Exercise requirements :: Write down the lines exactly as they appear, from the one that contains "Зайдите в модуль" through the final line of the records, so that both ends are kept and no pictures come along.

Extracted data entries ::
● ● ● ● ●
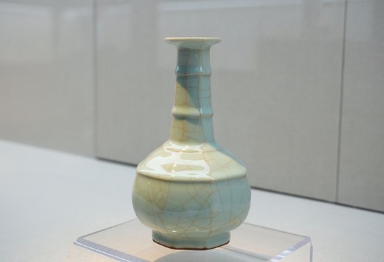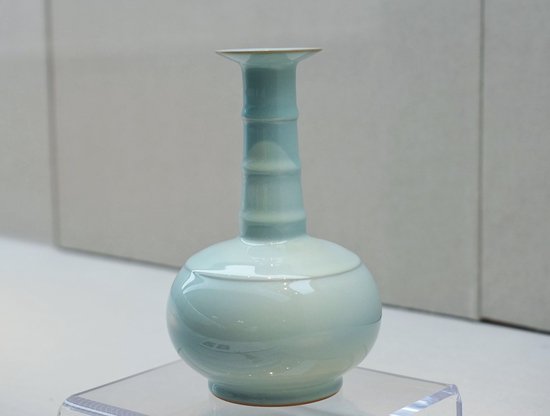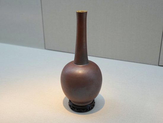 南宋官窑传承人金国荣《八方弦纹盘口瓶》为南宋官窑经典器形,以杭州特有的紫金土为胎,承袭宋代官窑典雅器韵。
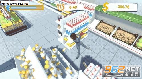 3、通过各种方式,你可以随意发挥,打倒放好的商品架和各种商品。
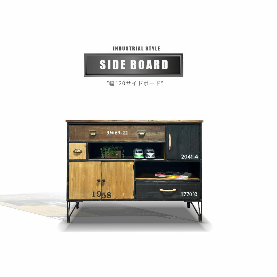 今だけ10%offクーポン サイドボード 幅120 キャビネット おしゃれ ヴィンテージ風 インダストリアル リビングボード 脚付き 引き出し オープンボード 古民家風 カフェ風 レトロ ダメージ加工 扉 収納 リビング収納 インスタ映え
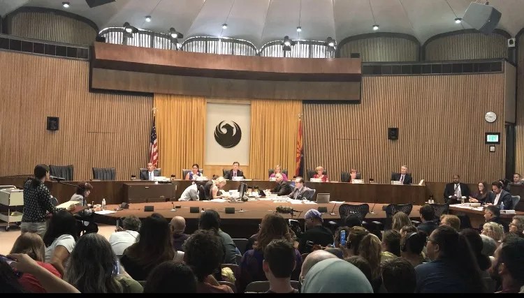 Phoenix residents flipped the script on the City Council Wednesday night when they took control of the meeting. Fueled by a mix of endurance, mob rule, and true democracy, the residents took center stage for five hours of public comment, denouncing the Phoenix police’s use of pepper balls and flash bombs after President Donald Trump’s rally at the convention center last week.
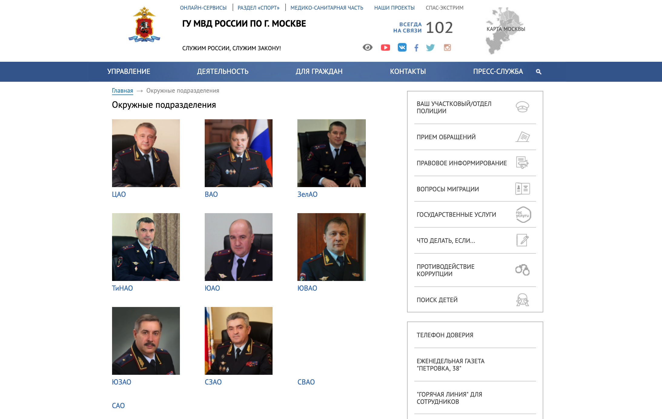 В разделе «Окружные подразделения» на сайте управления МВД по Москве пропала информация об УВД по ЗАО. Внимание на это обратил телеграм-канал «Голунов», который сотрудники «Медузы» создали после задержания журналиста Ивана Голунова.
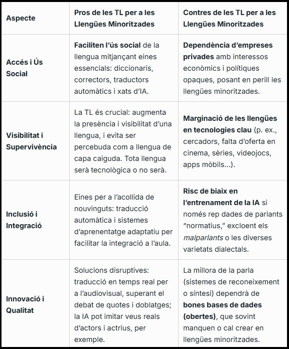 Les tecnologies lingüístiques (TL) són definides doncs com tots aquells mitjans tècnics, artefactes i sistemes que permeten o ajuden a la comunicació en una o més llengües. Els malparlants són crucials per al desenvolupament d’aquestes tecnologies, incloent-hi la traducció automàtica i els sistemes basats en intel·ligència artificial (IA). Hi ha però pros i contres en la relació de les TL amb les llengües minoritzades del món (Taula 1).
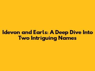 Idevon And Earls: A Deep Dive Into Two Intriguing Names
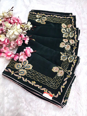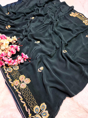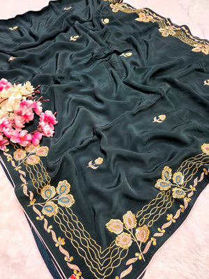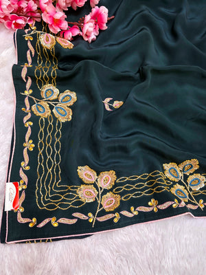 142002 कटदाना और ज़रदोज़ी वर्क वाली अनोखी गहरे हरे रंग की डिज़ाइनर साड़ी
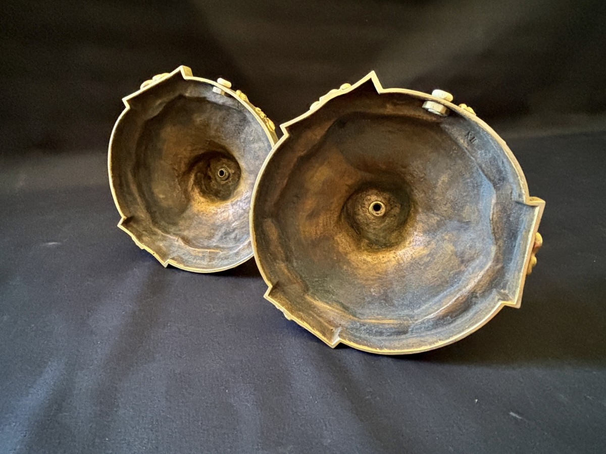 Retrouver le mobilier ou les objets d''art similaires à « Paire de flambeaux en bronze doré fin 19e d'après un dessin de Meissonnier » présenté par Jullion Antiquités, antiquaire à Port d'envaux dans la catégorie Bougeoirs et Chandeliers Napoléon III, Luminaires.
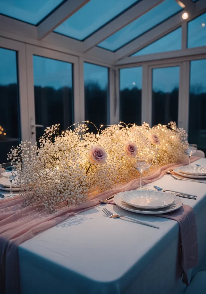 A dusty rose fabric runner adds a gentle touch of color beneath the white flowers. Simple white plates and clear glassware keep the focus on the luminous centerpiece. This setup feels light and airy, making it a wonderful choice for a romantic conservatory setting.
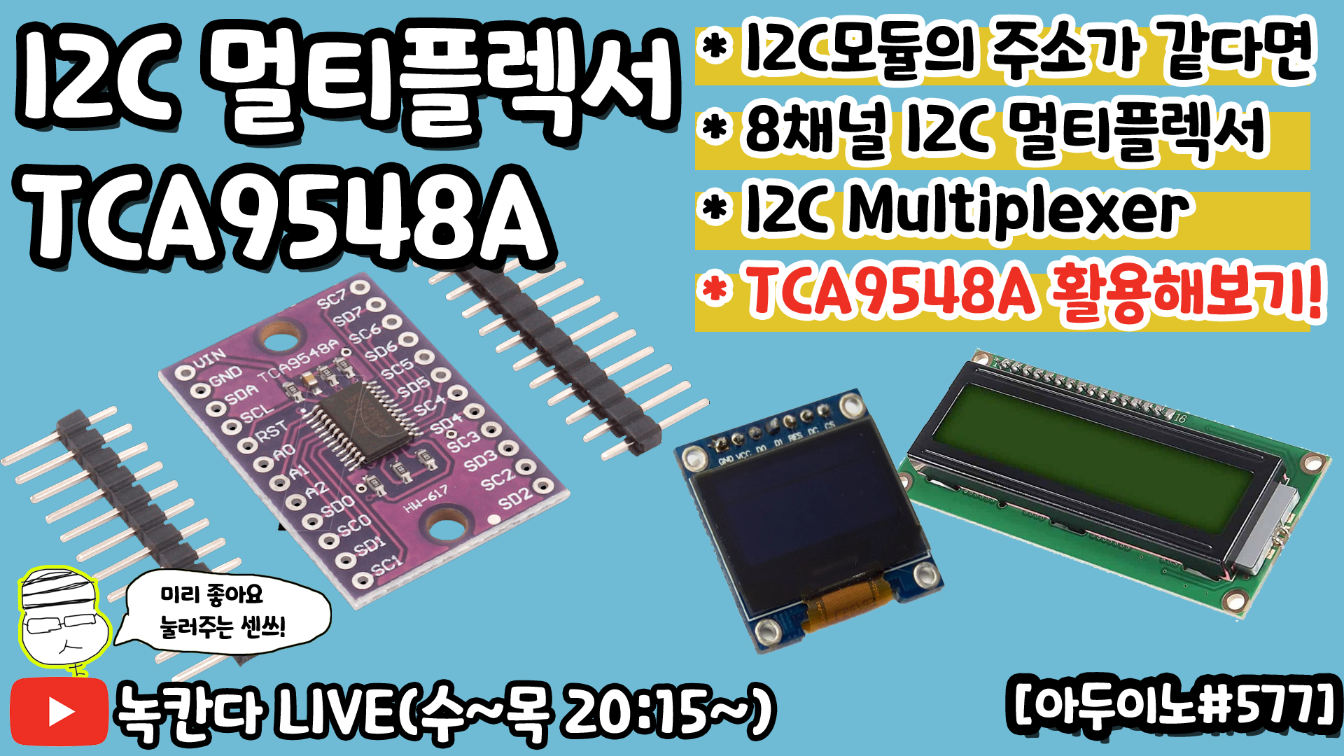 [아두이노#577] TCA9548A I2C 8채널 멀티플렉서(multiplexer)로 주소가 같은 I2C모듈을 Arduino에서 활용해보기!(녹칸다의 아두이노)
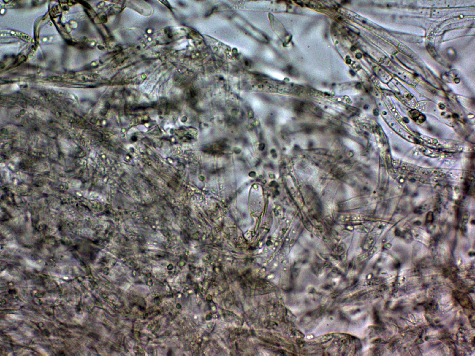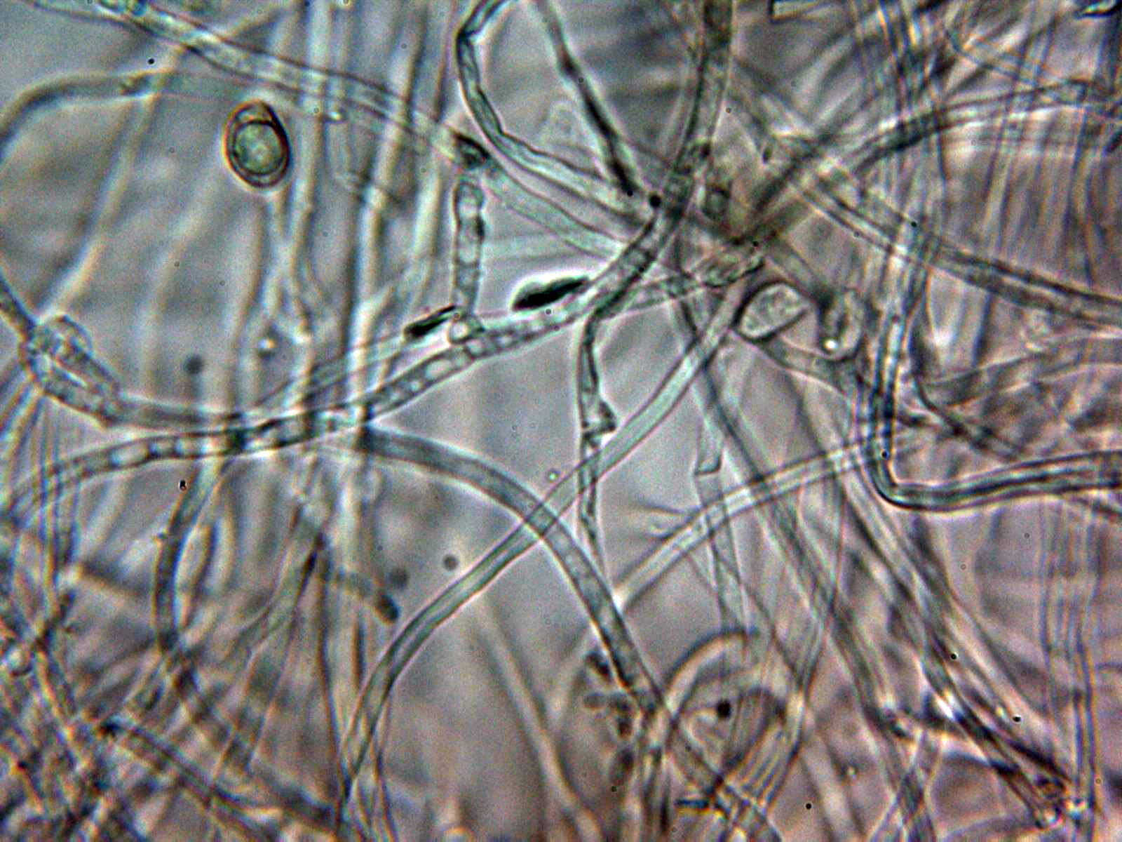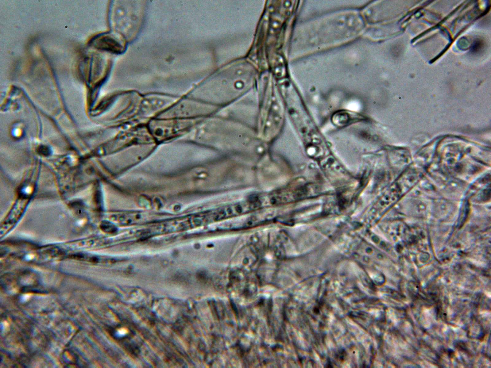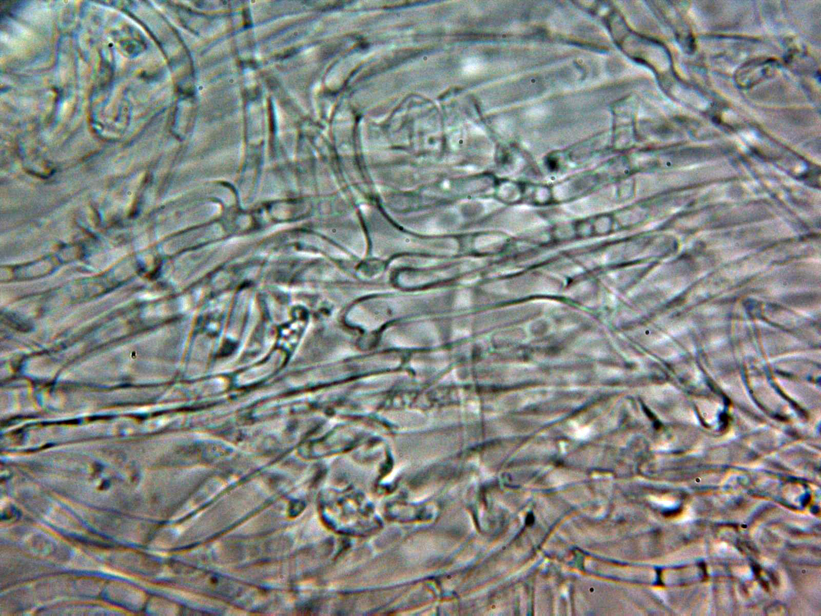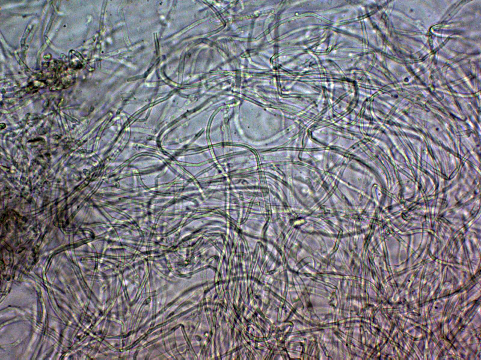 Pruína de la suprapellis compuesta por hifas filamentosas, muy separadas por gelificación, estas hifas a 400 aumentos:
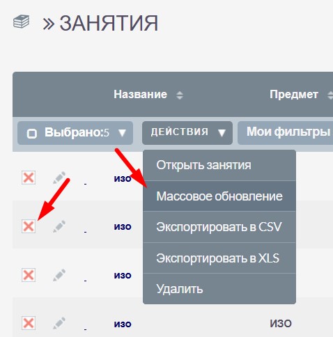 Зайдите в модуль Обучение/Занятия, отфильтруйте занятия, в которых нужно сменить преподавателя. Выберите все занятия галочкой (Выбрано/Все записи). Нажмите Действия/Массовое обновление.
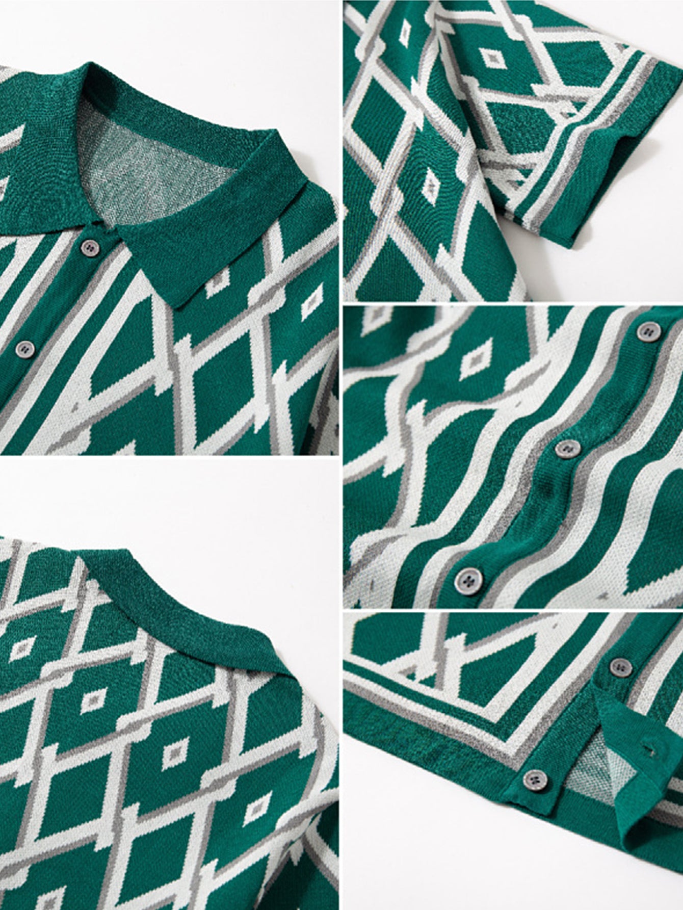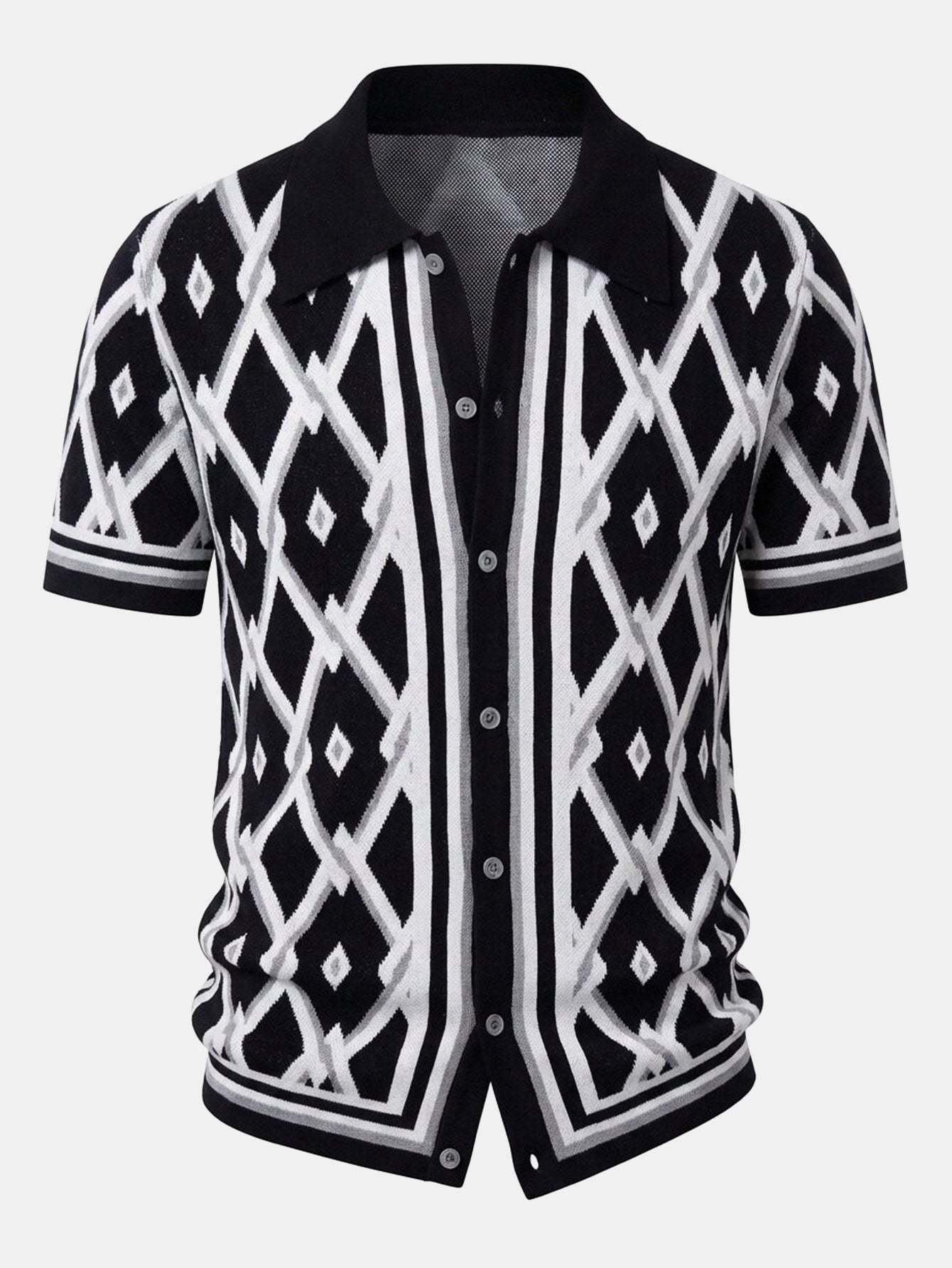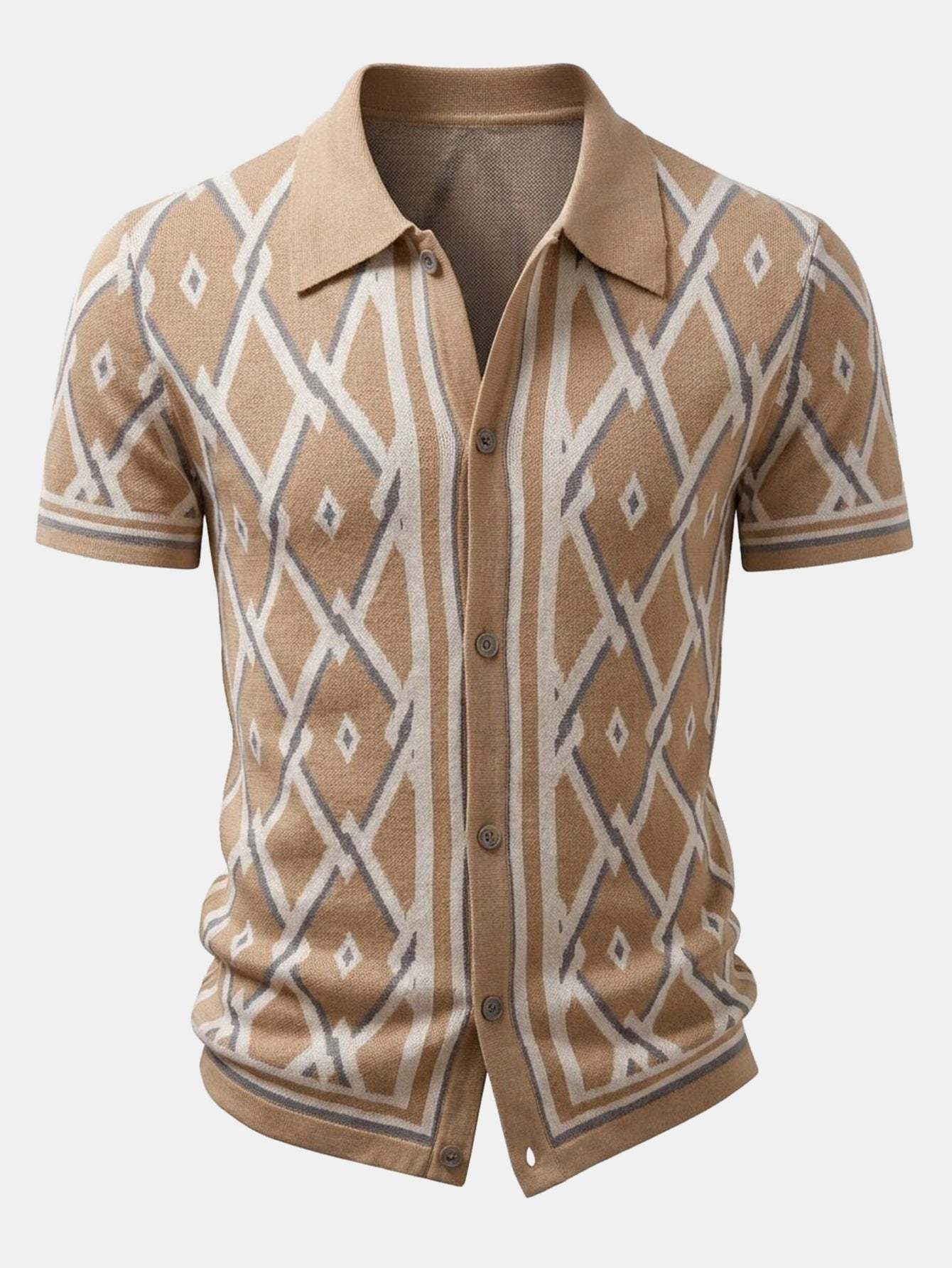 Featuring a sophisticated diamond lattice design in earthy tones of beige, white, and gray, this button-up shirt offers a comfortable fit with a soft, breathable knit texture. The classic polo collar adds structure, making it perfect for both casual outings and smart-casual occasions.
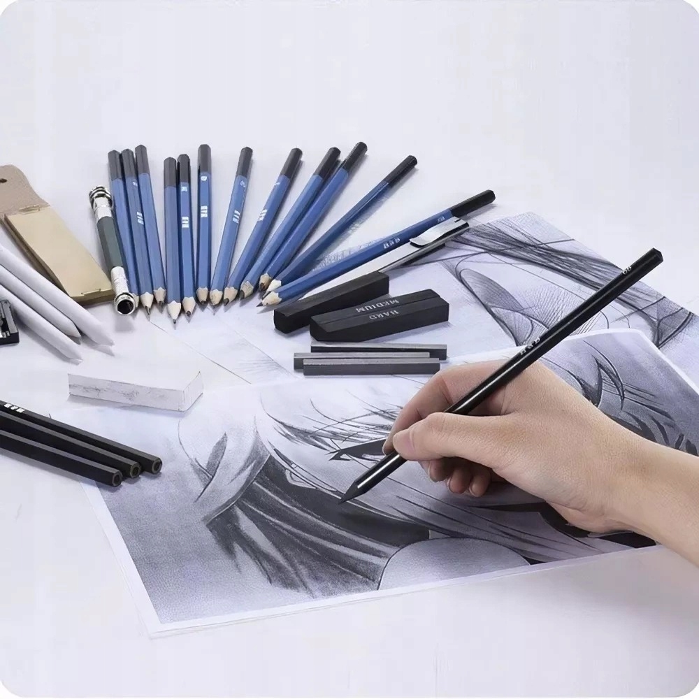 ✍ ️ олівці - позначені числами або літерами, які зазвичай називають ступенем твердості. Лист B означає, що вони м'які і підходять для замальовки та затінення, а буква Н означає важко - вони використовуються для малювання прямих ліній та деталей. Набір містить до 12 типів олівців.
● ● ● ● ●
Response box ::
 Зайдите в модуль Обучение/Занятия, отфильтруйте занятия, в которых нужно сменить преподавателя. Выберите все занятия галочкой (Выбрано/Все записи). Нажмите Действия/Массовое обновление.
 Featuring a sophisticated diamond lattice design in earthy tones of beige, white, and gray, this button-up shirt offers a comfortable fit with a soft, breathable knit texture. The classic polo collar adds structure, making it perfect for both casual outings and smart-casual occasions.
 ✍ ️ олівці - позначені числами або літерами, які зазвичай називають ступенем твердості. Лист B означає, що вони м'які і підходять для замальовки та затінення, а буква Н означає важко - вони використовуються для малювання прямих ліній та деталей. Набір містить до 12 типів олівців.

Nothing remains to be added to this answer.